Maui handles mcore scheduling using Backfilling. There are several backfilling options in Maui that should be correctly tuned depending in your site requirements. However, there are two problems using this system, Maui only prioritizes the jobs, not the "holes" created in WN to allow mcore jobs, and, more important, Backfilling has a strong dependency in the job wallclock and it is difficult to guess the walltime of the jobs from our VOs.

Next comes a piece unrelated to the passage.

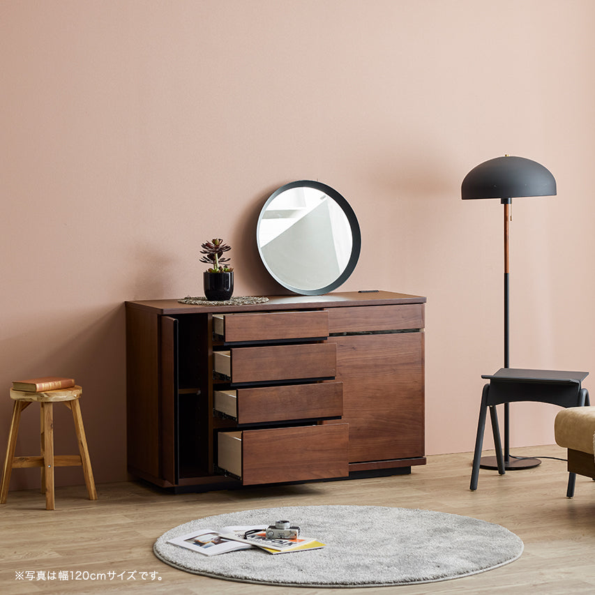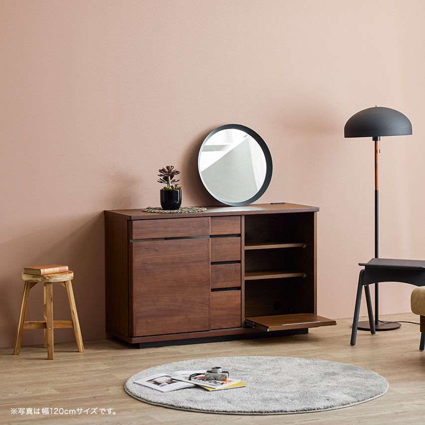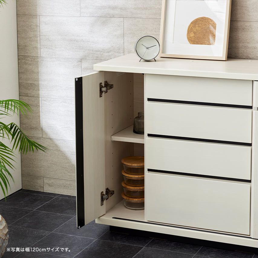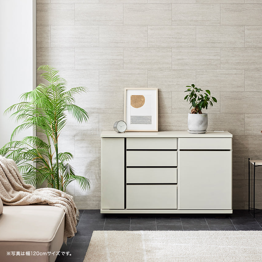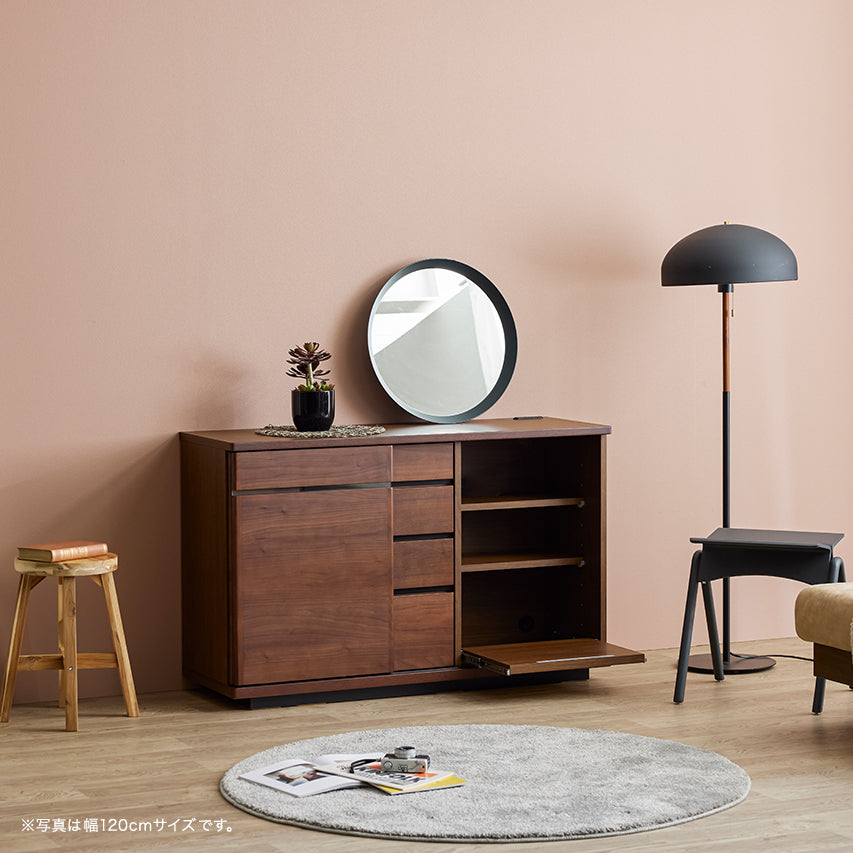 床からわずかに浮いたように見える台輪構造により、安定感と視覚的な軽やかさを両立。 十分な収納量を備えながらも、空間に圧迫感を与えません。

Thus, Jeff Templon from NIKHEF wrote a Python script to dynamically change the number of WNs dedicated to mcore or single core jobs, playing with the properties of the nodes and queues. So, mcore queues only point to WN with mcore property.
The mcfloat script
Installation
The installation is done by puppet. The script consists in the mcfloat script plus 3 extra modules. Our installation is done in /usr/local/bin/mcfloat directory. There are also a mcfloat.py link to mcfloat executable in /usr/local/bin.
# ls /usr/local/bin/mcfloat
mcfloat mcfloat.mod.py mcfloat.orig torqueAttMappers.py torqueAttMappers.pyc torqueJobs.py torqueJobs.pyc torque_utils.py torque_utils.pyc
The scripts runs as a cron each 10 minutes and the debug is stored in /var/log/mcfloat/mcfloat.log file. These logs are sent to accounting01 machine.
*/10 * * * * /usr/local/bin/mcfloat/mcfloat -L debug -l /var/log/mcfloat/mcfloat.log
Modifications
There are different modifications introduced to the original Jeff Templon's script to adapt it to our site.
MCQUEUE
We have three queues, one per VO.
MCQUEUE = 'mcore_sl6'
MCQUEUE2 = 'mcore_sl6_atlas'
MCQUEUE3 = 'mcore_sl6_at2'
Thus, we must add an extra line to check if any of the 3 queues have mcore jobs in queue (only check if there are mcore jobs in queue, not the number).
mcjoblist = list()
waitingJobs = False
for j in jlist:
if (j['queue'] == MCQUEUE) or (j['queue'] == MCQUEUE2) or (j['queue'] == MCQUEUE3):
newj = mapatts(j,usedkeys)
mcjoblist.append(newj)
if newj['job_state'] == 'queued':
waitingJobs = True
MAXDRAIN and MAXFREE
They control the maximum number of nodes in draining state (that means, with mcore property and with slots free) and the maximum number of free slots.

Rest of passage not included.